→ **What the task requires**: Which lines belong in your copy? Those from the start of the data through the line with "Practical furniture such", exactly as written, without any pictures.

→ **Data provided**:
○ ○ ○ ○ ○ ○ ○
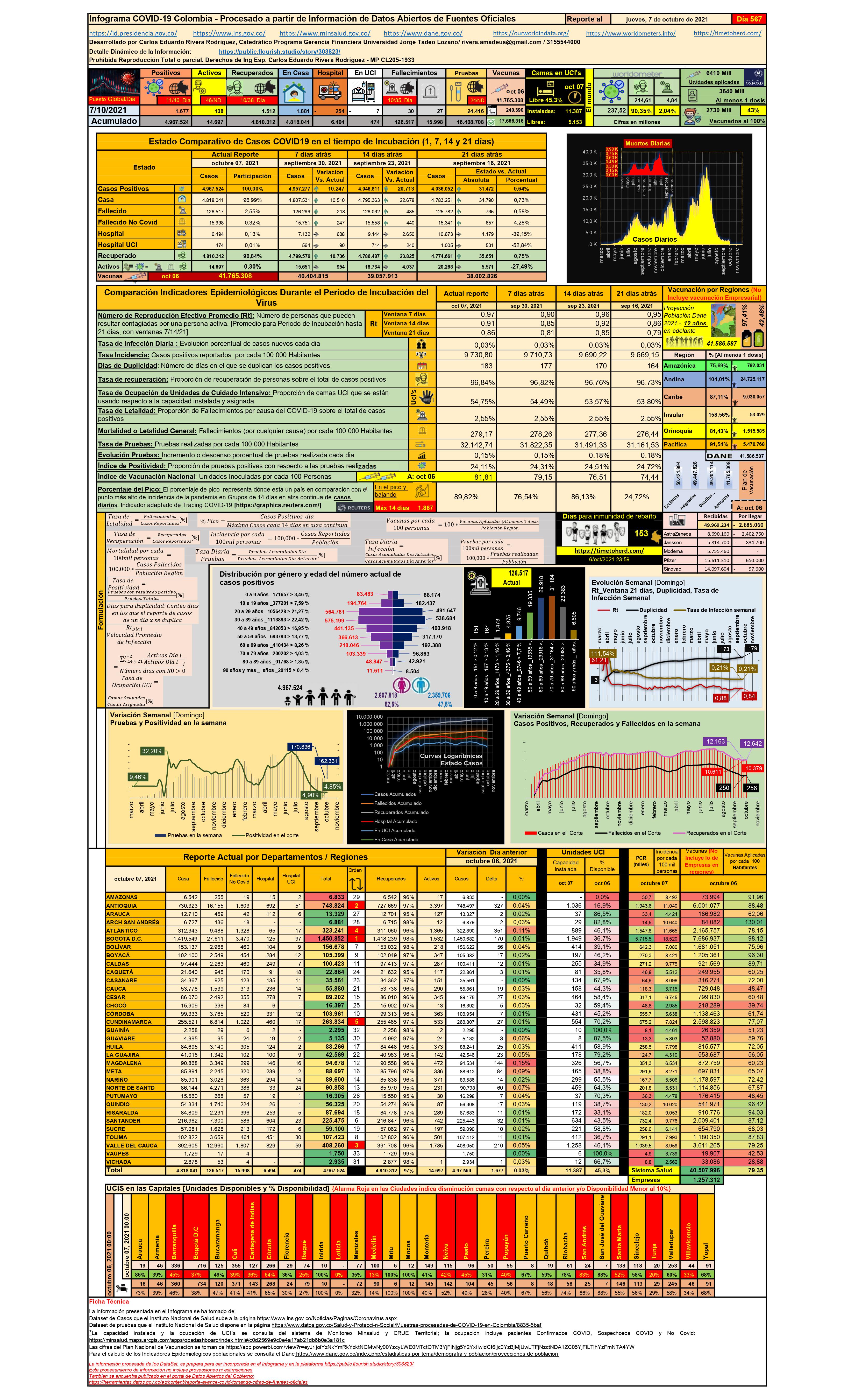 El país llegó a 4’967.524 casos positivos (Puesto 11 a nivel global), el 7 de octubre se presentaron 1.677 casos ocupando el puesto 46 en ocurrencia diaria; durante la primera semana del mes de octubre se presentaron 10.247 casos; respecto a la letalidad 126.517 personas han fallecido a causa del Covid19 (Puesto 10 en el mundo), y en un día se presentaron 30 eventos (Puesto 35 global), y durante los primeros 7 días de octubre fallecieron 218 personas, con un número promedio de reproducción de 7 días (Rt), paso de 0.90 a 0.97 posibles casos de infección por cada caso positivo.
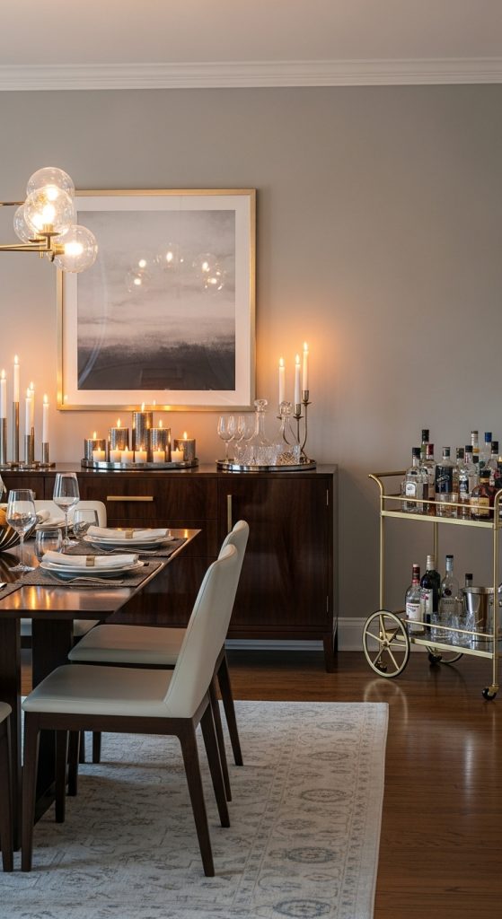 Practical furniture such as sideboards, cabinets, or bar carts adds both functionality and decor. Sideboards are excellent for storing dishes, cutlery, and linens while also providing a surface for decorative objects.
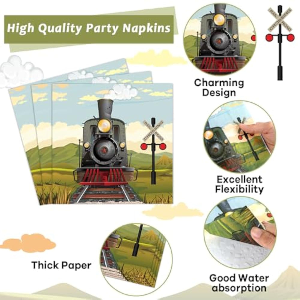 | Package Contents: This Train Birthday Party Supplies Comprises 24 Pieces Of Train Dinner Plates, 24 Pieces Of Steam Train Party Dessert Plates, 24 Pieces Of Forks, And 24 Pieces Of Retro Train Party Napkins, Providing Everything You Need To Set The Stage For A Memorable And Fun-Filled Celebration. Ideal For Train-Themed Parties, Baby Showers, Or Birthday Celebrations. | | Train Design: Our Steam Train Birthday Party Decorations Feature High-Quality Printing Of Retro Steam Trains, Scenic Railway Backdrops, And Crossing Signals, Immersing Guests In An
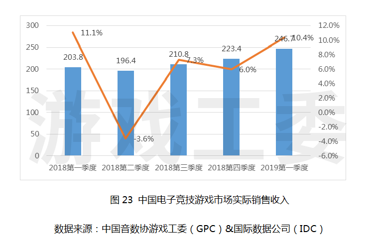2019年第一季度,中國電子競技游戲市場實際銷售收入246.7億元, 相比于2018年第四季度實際銷售收入增長23.3億元,環比增長10.4%,同比增長21.1%。中國電子競技用戶規模為4.4億人,環比增長1.8%,同比增長12.8%。
○ ○ ○ ○ ○ ○ ○
→ **Expected answer**:
 El país llegó a 4’967.524 casos positivos (Puesto 11 a nivel global), el 7 de octubre se presentaron 1.677 casos ocupando el puesto 46 en ocurrencia diaria; durante la primera semana del mes de octubre se presentaron 10.247 casos; respecto a la letalidad 126.517 personas han fallecido a causa del Covid19 (Puesto 10 en el mundo), y en un día se presentaron 30 eventos (Puesto 35 global), y durante los primeros 7 días de octubre fallecieron 218 personas, con un número promedio de reproducción de 7 días (Rt), paso de 0.90 a 0.97 posibles casos de infección por cada caso positivo.
 Practical furniture such as sideboards, cabinets, or bar carts adds both functionality and decor. Sideboards are excellent for storing dishes, cutlery, and linens while also providing a surface for decorative objects.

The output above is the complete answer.